Although surgical repair seems to be an adequate treatment for iatrogenic VSD, these patients are often poor surgical candidates due to their initial indication for TAVI. Previous case reports have described the successful surgical management of TAVI prosthesis removal, direct suture closure of the defect, reinforced with bovine pericardium and subsequent biological valve implantation,7 as well as VSD patch closure with the TAVI prosthesis left in situ.6

Conclusions

Iatrogenic VSD after TAVI is a rare but serious complication. It might lead to a significant left-to-right shunt and right ventricular failure. Management depends on the VSD size and haemodynamic impact and should be patient-tailored. Early intervention is needed in cases of haemodynamically relevant and symptomatic shunts, as this can prevent malignant deterioration. Percutaneous transcatheter closure is feasible as a bailout in inoperable patients but may lead to further complications, i.e., mechanical haemolysis.

Impact on daily practice

The presence of symptoms of right ventricular failure after TAVI should raise the suspicion of VSD. Timely intervention is essential for symptomatic iatrogenic VSD.

Consent statement

Consent was obtained from the patient for publication of this case report.
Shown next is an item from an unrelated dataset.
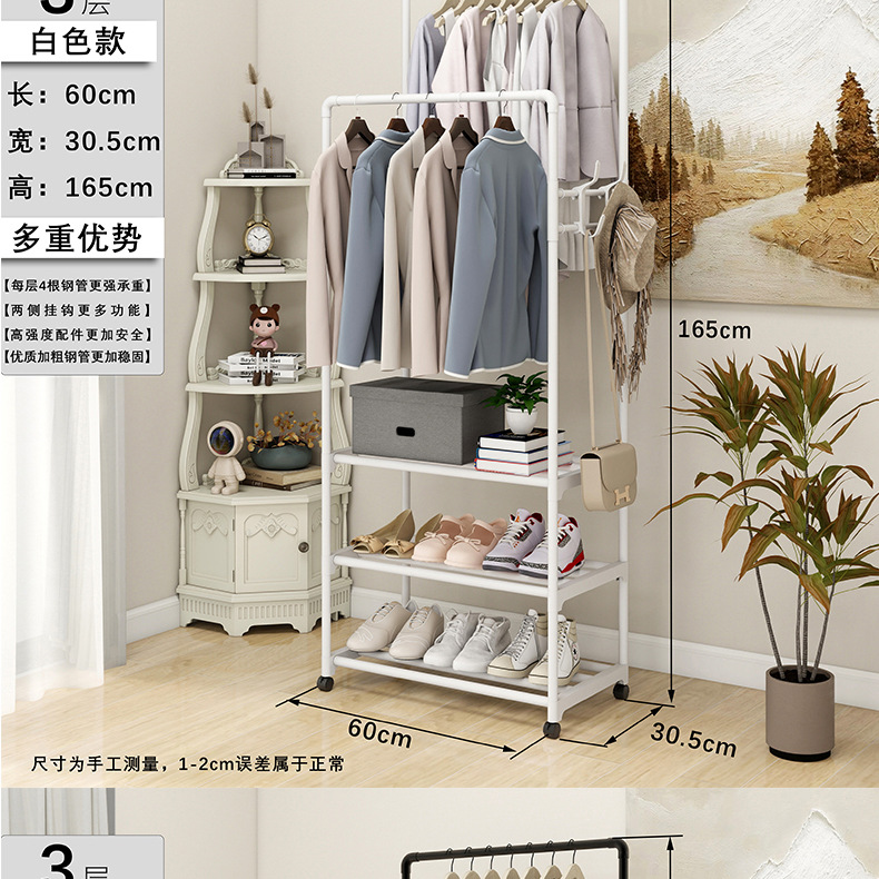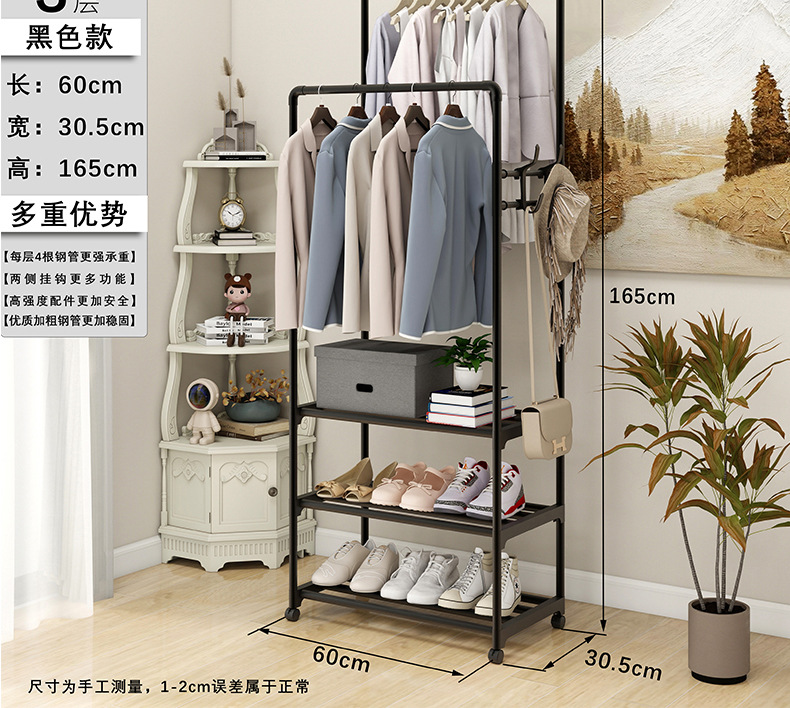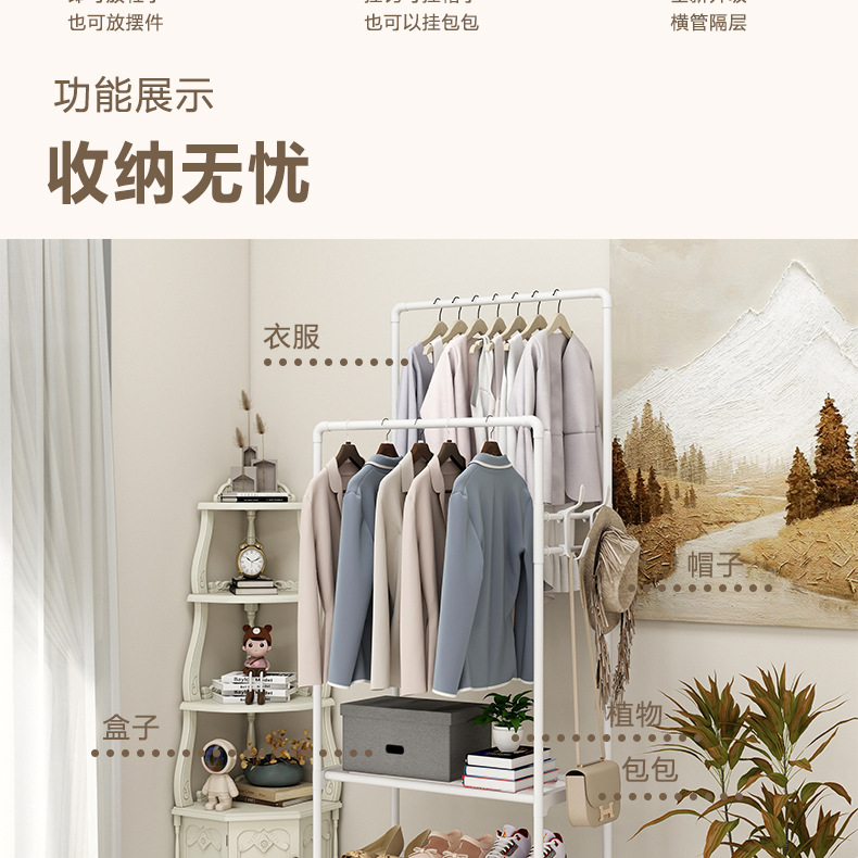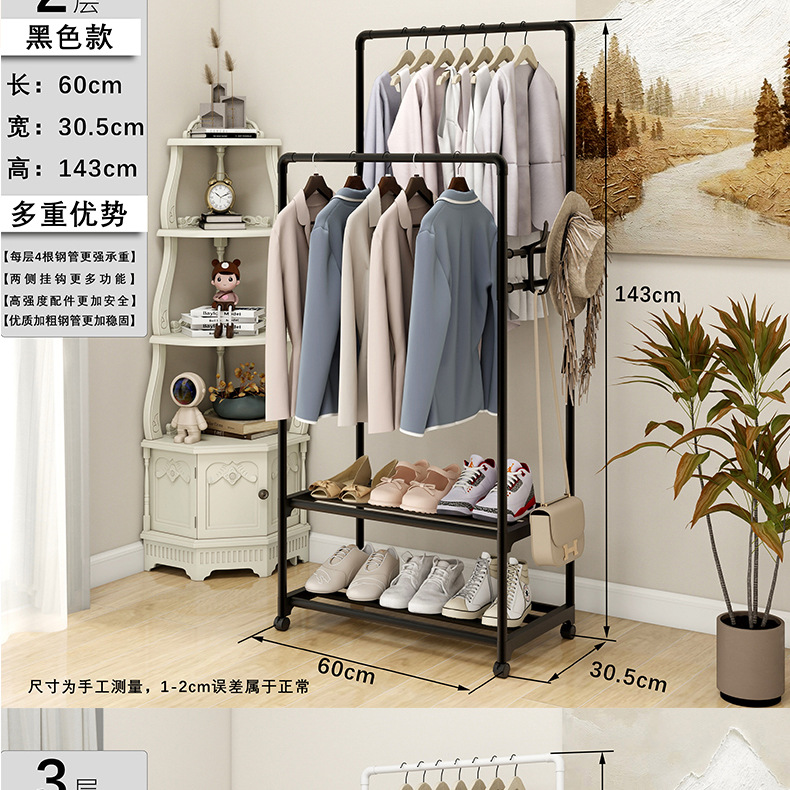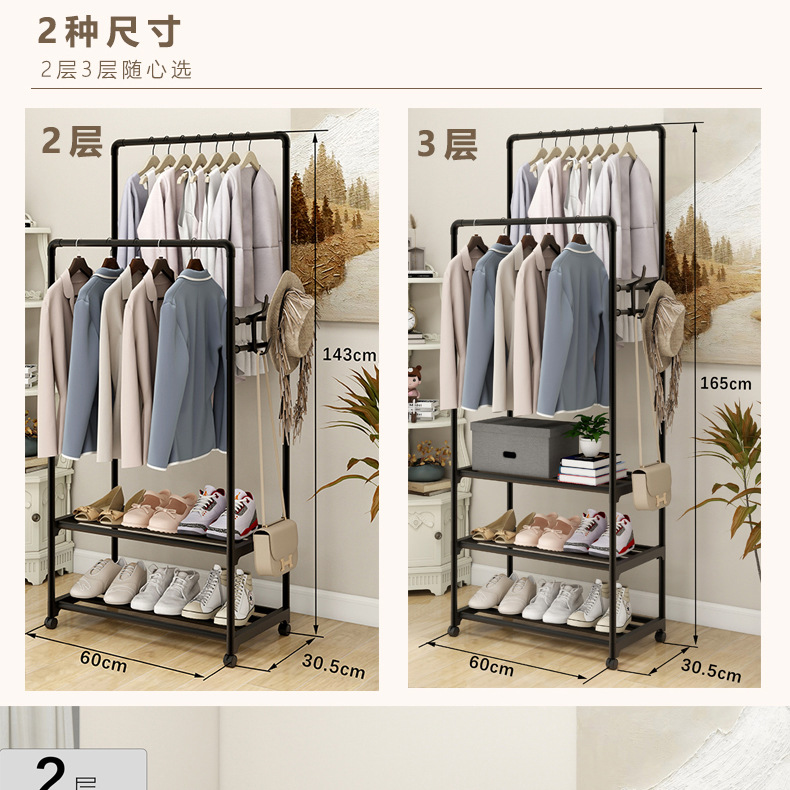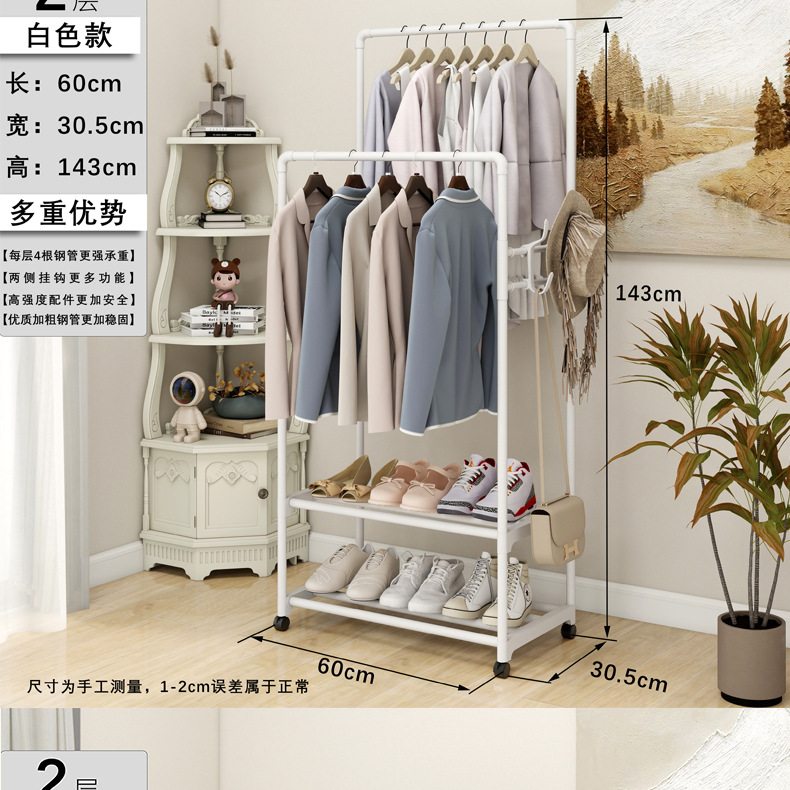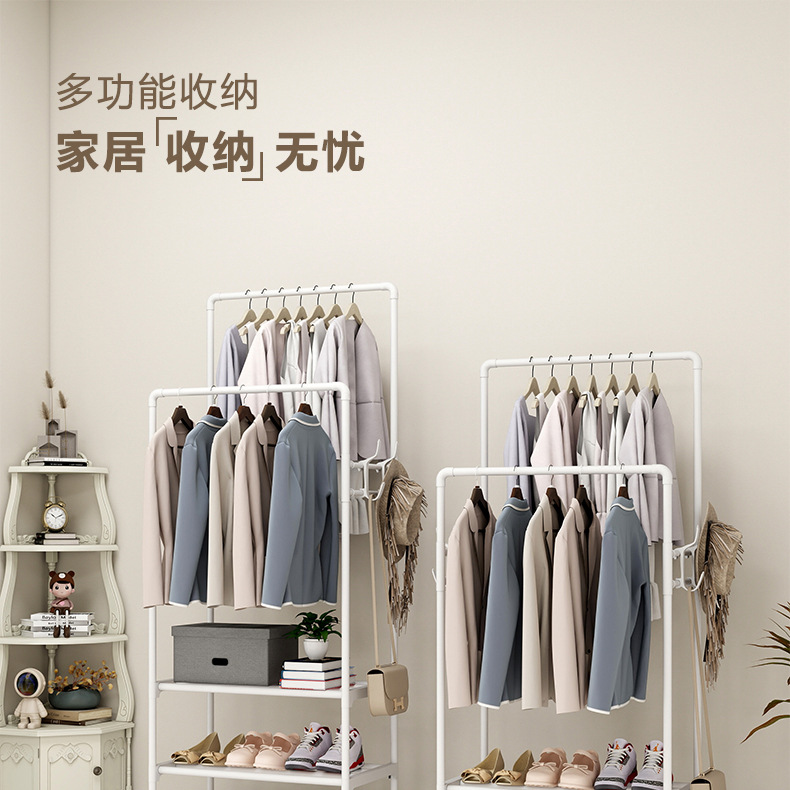 가벼운 고급 더블 폴 다층 옷걸이, 간단한 옷걸이, 가정용 바닥 조합, 이동식 현대식 간단한 옷걸이스토어 가기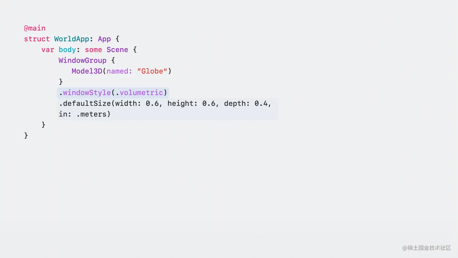 让我们看看如何向场景添加卷。您将首先创建一个新的 WindowGroup 并将其 windowStyle 设置为卷。

Conflict of interest statement

E. Tigges received honoraria and/or consulting fees and/or grants from Edwards Lifesciences, Medtronic, Abbott, Philips, Boston Scientific, AstraZeneca, J&J Medtech, Shockwave Medical, and Resuscitec - all not related to the present work; and reports participation on advisory board for Edwards Lifesciences, Medtronic, Abbott, and Shockwave Medical. T. Ubben received support for attending meetings from Abbott and Boston Scientific - all not related to the present work. D.-U. Chung received consulting fees from Medtronic; and honoraria from Philips - all not related to the present work. The other authors have no conflicts of interest to declare.